First I will show you 2 versions of code and then ask question about it.

version of using bisect:

while len(scoville) > 1:
    a = scoville.pop(0)
    #pops out smallest unit
    if a >= K:
        break
    b = scoville.pop(0)
    #pops out smallest unit
    c = a + b * 2
    bisect.insort(scoville, c)

version of using heapq

while len(scoville) > 1:
    a = heapq.heappop(scoville)
    #pops out smallest unit
    if a >= K:
        break
    b = heapq.heappop(scoville)
    #pops out smallest unit
    c = a + b * 2
    heapq.heappush(scoville, c)

Both algorithms use 2 pops and 1 insert.

As I know, at version of using bisect, pop operation of list is O(1), and insertion operation of bisect class is O(logn).

And at version of using heapq, pop operation of heap is O(1), and insertion operation of heap is O(logn) in average.

So both code should have same time efficiency approximately. However, version of using bisect is keep failing time efficiency test at some code challenge site.
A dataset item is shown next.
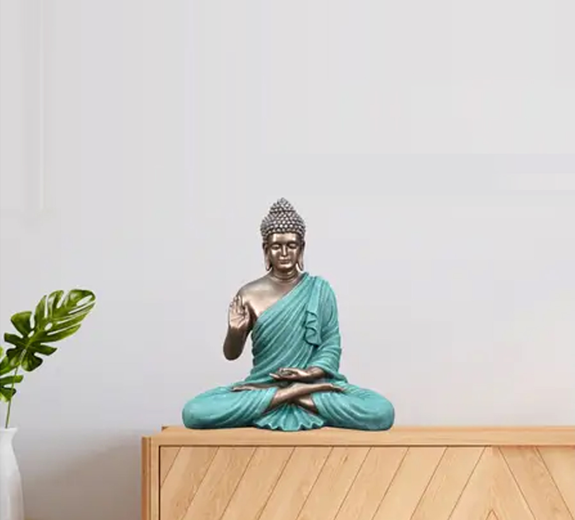 The 16-inch Buddha statue embodies peace and serenity, adding a calming presence to any space. Crafted with fine detailing and a graceful finish for a timeless spiritual appeal. Ideal for homes, offices, or meditation areas to create a tranquil and positive ambiance.

Does anybody have a good guess?

*scoville is a list of integers

Answer 1

Your assumptions are wrong. Neither is pop(0) O(1), nor is bisect.insort O(logn).

The problem is that in both cases, all the elements after the element you pop or insert have to be shifted one position to the left or might, making both operations O(n).

From the bisect.insort documentation:

bisect.insort_left(a, x, lo=0, hi=len(a))

Insert x in a in sorted order. This is equivalent to a.insert(bisect.bisect_left(a, x, lo, hi), x) assuming that a is already sorted. Keep in mind that the O(log n) search is dominated by the slow O(n) insertion step.

You can test this by creating a really long list, say l = list(range(10**8)) and then doing l.pop(0) or l.pop() and bisect.insort(l, 0) or bisect.insort(l, 10**9). The operations popping and inserting at the end shoul be instantaneous, while the others have a short but noticeable delay. You can also use %timeit to test it repeatedly on shorter lists, if you alternatingly pop and insert so that the length of the list remains constant over many thousands of runs:

>>> l = list(range(10**6))
>>> %timeit l.pop(); bisect.insort(l, 10**6)
100000 loops, best of 3: 2.21 us per loop
>>> %timeit l.pop(0); bisect.insort(l, 0)
100 loops, best of 3: 14.2 ms per loop

Thus, the version using bisect is O(n) and the one with heapq is O(logn).